Sunday, August 18, 2013

Traipsing (or would that be tripping?) Down Memory Lane

The thought occurred to me recently that I have lived in or around this town for all of my adult life, (not counting my years in college in Indiana.)  I'm not sure how I feel about that. Sometimes I feel like I've missed out on some great adventure going on somewhere else. Back in '92 when my life hit a crossroads, I chose to stay so that my kids could be close to their dad.  Neither of my kids lives at home now and I'm not sure why I am still here.  Just recently (like, within the past 3 months) I came to a point of surrender - I decided I could pull up stakes and leave.  I could go somewhere and find a church that would feel right.....perhaps find a job that offers stability......live some place that doesn't hit me so nostalgically so often....find more of a sense of purpose......just start all over again and maybe not make so many mistakes in trying to define and find.....me.  And then........Joe got a full time job.  In State College!  And we are thrilled about that.....and thank God every day......but it means I'm staying.  So I must continue to navigate my nostalgia.

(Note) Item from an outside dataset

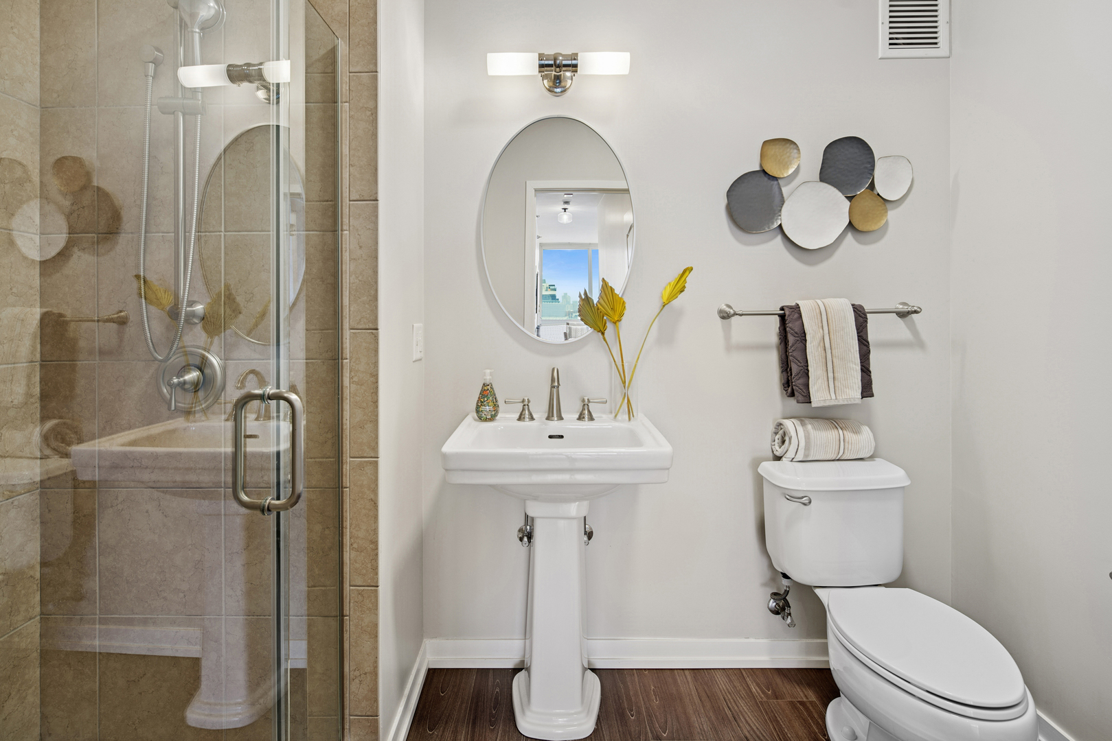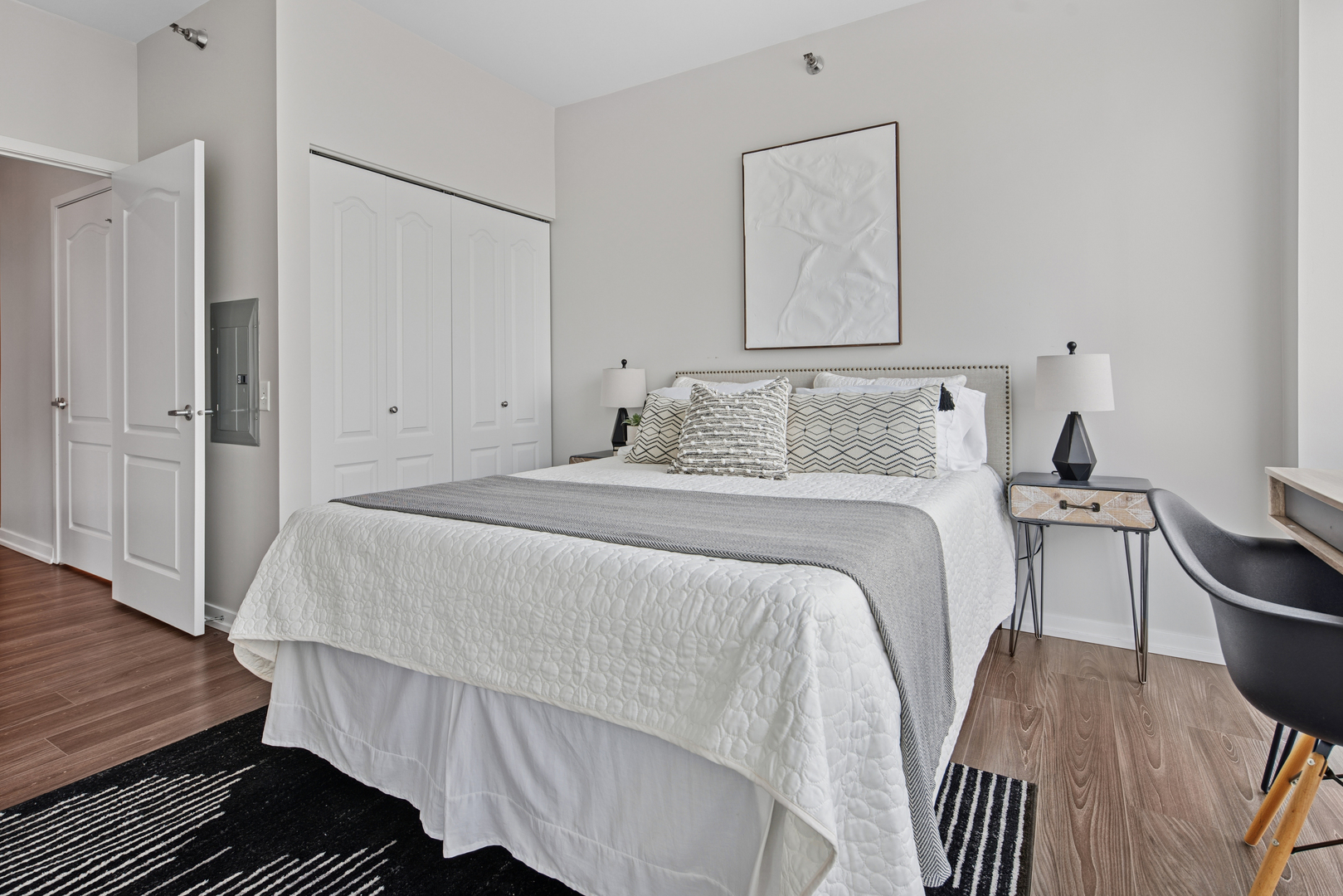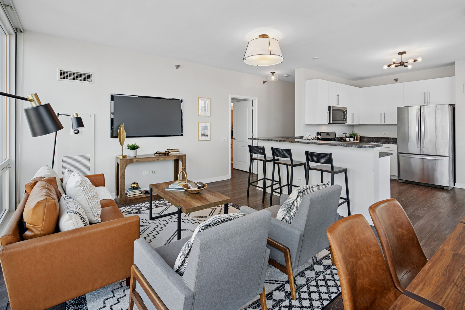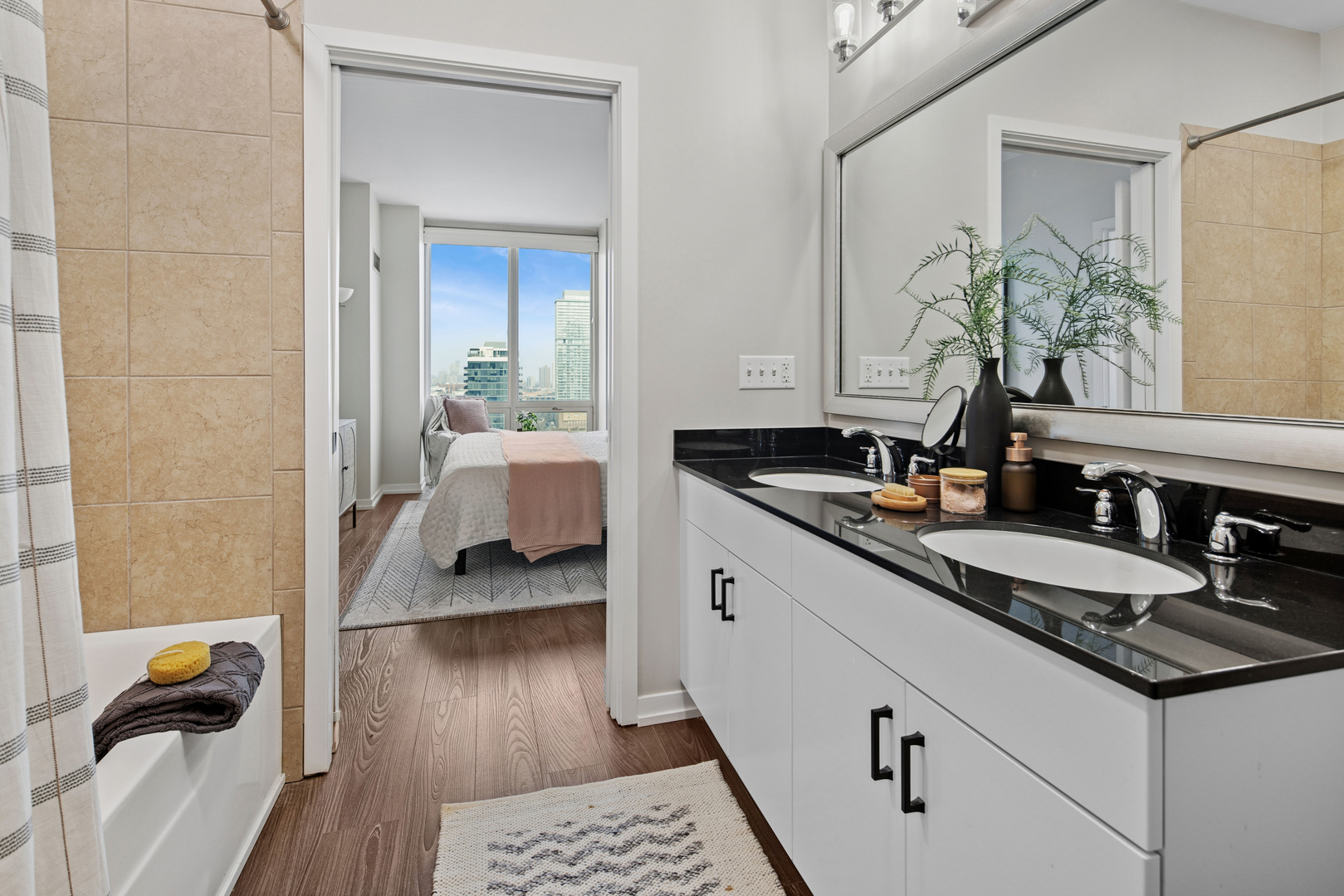 Enjoy the best of River North in this modern and stylish 2 bed / 2 bath cornerunit condo in a fullamenity building. Updated with contemporary lighting and beautiful luxury laminate flooring, this home features a wellappointed kitchen with stainless steel appliances, granite countertops, and a convenient breakfast bar. The openconcept living and dining area is framed by floortoceiling windows that fill the space with natural light. The spacious primary suite includes a large walkin closet and an ensuite bath with double sinks and a combined bath/shower. The second bedroom is ideal for guests or a home office and is located adjacent to a second full bath with a walkin shower. Additional conveniences include an inunit washer and dryer, multiple foyer closets, and a private balcony offering fantastic northwest city views. Building amenities include 24hour door staff, fitness center, outdoor pool and sundeck, and a dog run. HOA includes heat, gas, water, scavenger, high speed internet, and air conditioning. One garage parking space and an additional storage unit are included. Petfriendly building (Additional HOA). Prime location close to the Loop, lakefront, Michigan Avenue, expressways, and the Brown/Purple CTA lines. Investorfriendly. Agentowned.

Doing that is a little tough in this town with its annual rituals and academic calendar.  I have to admit, that although I don't enjoy the chaos associated with students coming and going each semester, I do get a little teary.....I think it's because I didn't really have that "take my kid to college/go pick my kid up from college" ritual each year.  As much as I wouldn't really want to be that awkward parent in restaurants and traffic in a distant college town, I feel like I missed out on important rites of passage with my sons.  Once up and running, they moved themselves in and out of school and for the most part never came home again. So my dreams of hanging out together for some summer or holiday fun really never materialized.  Younger offspring starts his senior year of college this year so the reality is hitting me that time has run out on those possibilities.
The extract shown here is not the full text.